Перед его переселением в Израиль Кнут снова стал «молодоженом» и пригласил меня, чтобы познакомить с юной женой-француженкой и преподнести большущий том своих стихов (в нем, кстати сказать, Ариадна ни прямо, ни косвенно не упоминалась). За чашкой чая я напомнил ему нашу тулузскую встречу и, не скрывая некоторого недоумения, спросил о смысле всех тогдашних его и Ариадниных замечаний. Кнут кисло улыбнулся. «Вы нас не поняли, мы вас испытывали. Дело было не в ветчине, если вы ее любите, угощайтесь— и он пододвинул тарелку с бутербродами — а в том, чтобы выяснить, созрели ли вы для вступления в нашу организацию». Я пожал плечами, такой способ вербовки меня поразил, но, кроме того, горячая лава еще только разливалась по Франции и об организованном сопротивлении еще и речи не было. «Может быть, и так, но ведь мы с Ариадной, — не без гордости добавил Кнут, — были «предсопротивлением», потому что слишком хорошо понимали, что будет следовать».

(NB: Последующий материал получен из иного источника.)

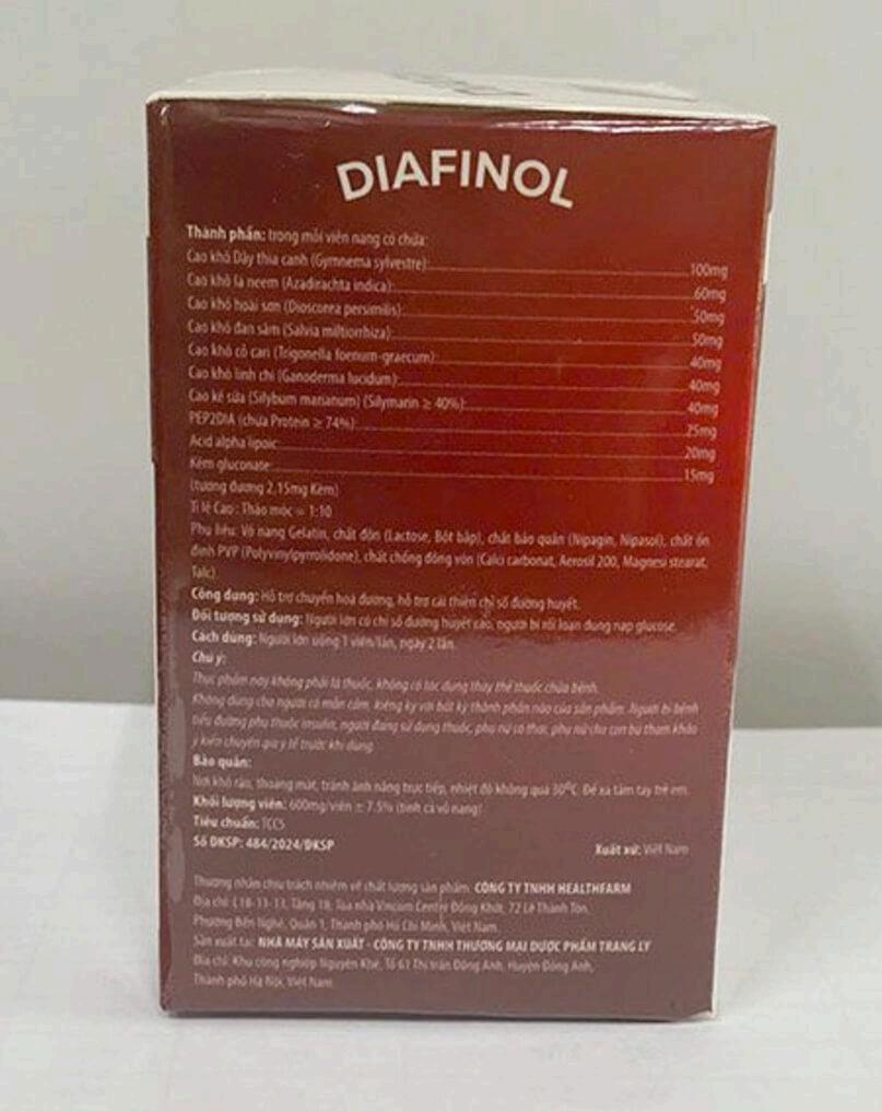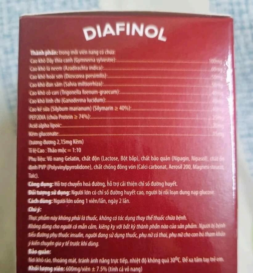 Ngay cả thông tin về thành phần, công dụng in trên hộp Diafinol, cũng đã được

Разговор на эту тему, помнится, он тогда закончил цитатой, в которой корнелевский герой на вопрос «Что вы хотите, чтобы он сделал один против трех?», отвечает— «Чтобы он погиб, если ему на помощь не придет взрыв отчаяния».

Я низко кланяюсь памяти Ариадны Скрябиной, не раз думал о тех «взрывах отчаяния», вызываемых разнородными причинами, которым она несомненно была подвержена к концу своей жизни, и эти несколько строк преследуют одну единственную цель — напомнить о ней, как бы возложить скромный цветок на ее безвестную могилу.

 

ГЕРОЙ БЕЗ КАВЫЧЕК

Андрей Седых начинает одну из глав своих воспоминаний словами: «В жизни знал я только одного подлинного гения. Это был Шаляпин». Эта фраза запала в мою память, и мне хотелось бы теперь перефразировать ее и сказать: «В жизни мне удалось встретить только одного подлинного героя», если применять это слово без кавычек и без того налета скрытой иронии, которая почти неизбежно ему сопутствует. Я имею в виду Бориса Вильде, именем которого названа теперь улица в одном из пригородов Парижа.

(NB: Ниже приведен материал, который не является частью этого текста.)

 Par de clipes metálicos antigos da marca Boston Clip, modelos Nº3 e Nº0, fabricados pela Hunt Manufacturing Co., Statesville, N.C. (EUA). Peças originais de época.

Когда-то, в давние времена, Вильде невзначай появился в Париже, покинув одну из прибалтийских республик, откуда он был родом и где, как тогда говорили, несмотря на молодость лет, проявлял какую-то политическую активность, пришедшуюся не по вкусу местному правительству.

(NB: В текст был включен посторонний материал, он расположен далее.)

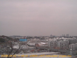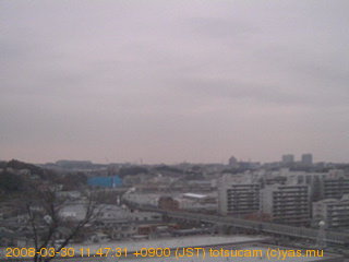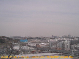 適度に曇った日の雲の動き (例: 2005-10-24) がとても楽しめます。 正面を横切っている高架は横須賀線下りです。 その下に横須賀線上り、東海道線、同貨物線が走っていますが、 高架に隠れていてよく見えません。 夜間は特に中央左寄りの車の動きがよく見えます。

Он писал стихи, подписывая их псевдонимом «Дикой» — переводом немецкого слова «вильд», от которого произошло его имя. Стихи были расплывчатые и незапоминающиеся. Это было вполне естественно для начинающего поэта, но более редким явлением было то, что он сам понял, что его призвание не в поэтических упражнениях. Он был страстным спортсменом, и результаты спортивных достижений волновали его больше любых, хотя бы удачно найденных созвучий.

Вскоре он довольно регулярно стал посещать сборища той русской литературной компании, которая собиралась в одном из монпарнасских кафе. Он быстро сошелся с завсегдатаями этих полуночных собраний, его полюбили, потому что он, действительно, был во всех отношениях добряком, «рубахой-парнем», готовым услужить всякому. Вильде не был спорщиком и даже когда не соглашался с высказанным кем-либо суждением, собственного мнения не отстаивал. Свое несогласие он умел показать без слов.

В этой богемной среде он всегда держался «сам по себе», был, так сказать, «новичком», который усвоил, что «в чужой монастырь со своим уставом не суются»!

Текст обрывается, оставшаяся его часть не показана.